EXERCISE: Please retype the data below exactly, stopping after the line with "Свеча тортовая цифра" and skipping every picture.

INFORMATION SUPPLIED:
- Opening Delimiter -

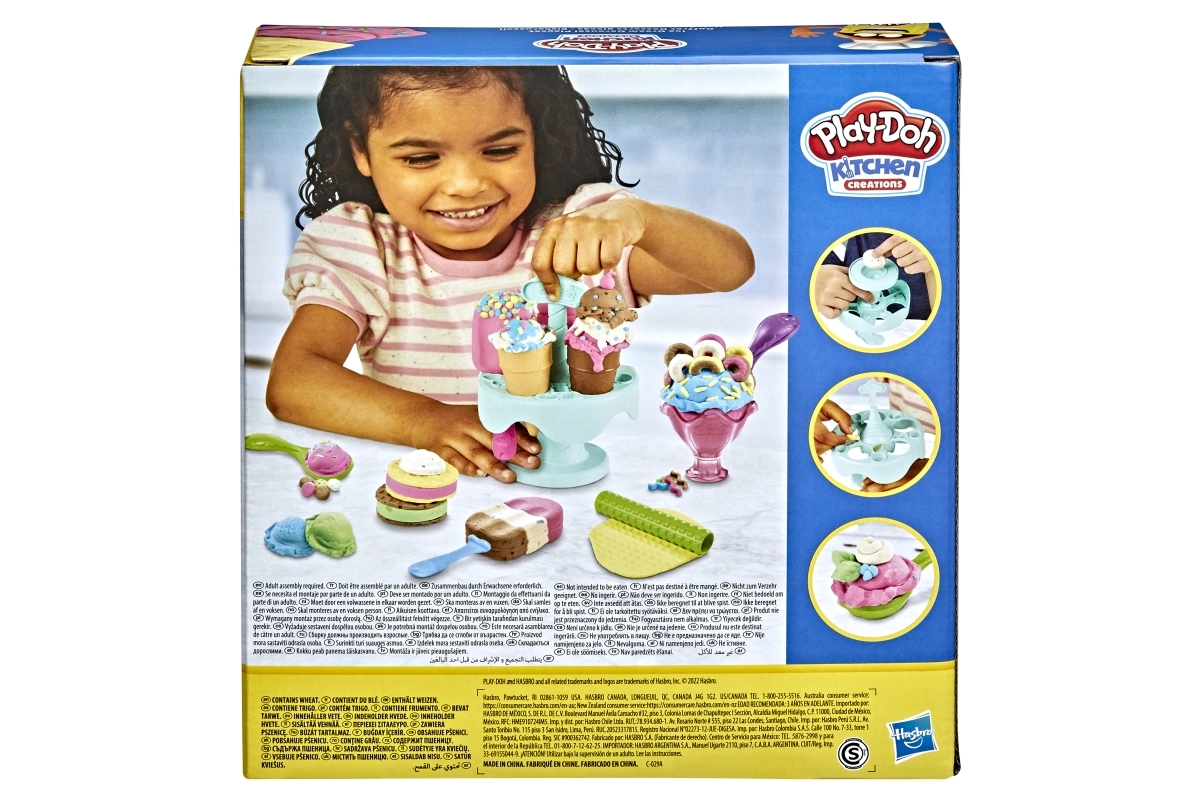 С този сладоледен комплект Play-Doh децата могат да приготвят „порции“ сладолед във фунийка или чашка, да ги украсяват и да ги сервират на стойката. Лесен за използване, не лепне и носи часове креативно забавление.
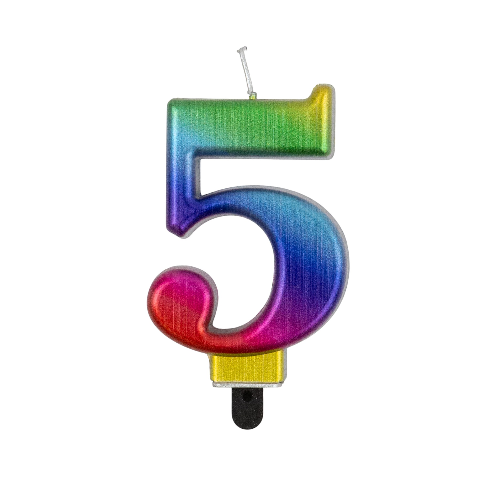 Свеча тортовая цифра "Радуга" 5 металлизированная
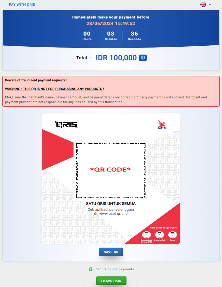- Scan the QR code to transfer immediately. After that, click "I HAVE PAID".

- Closing Delimiter -

EXERCISE SOLUTION:
 С този сладоледен комплект Play-Doh децата могат да приготвят „порции“ сладолед във фунийка или чашка, да ги украсяват и да ги сервират на стойката. Лесен за използване, не лепне и носи часове креативно забавление.
 Свеча тортовая цифра "Радуга" 5 металлизированная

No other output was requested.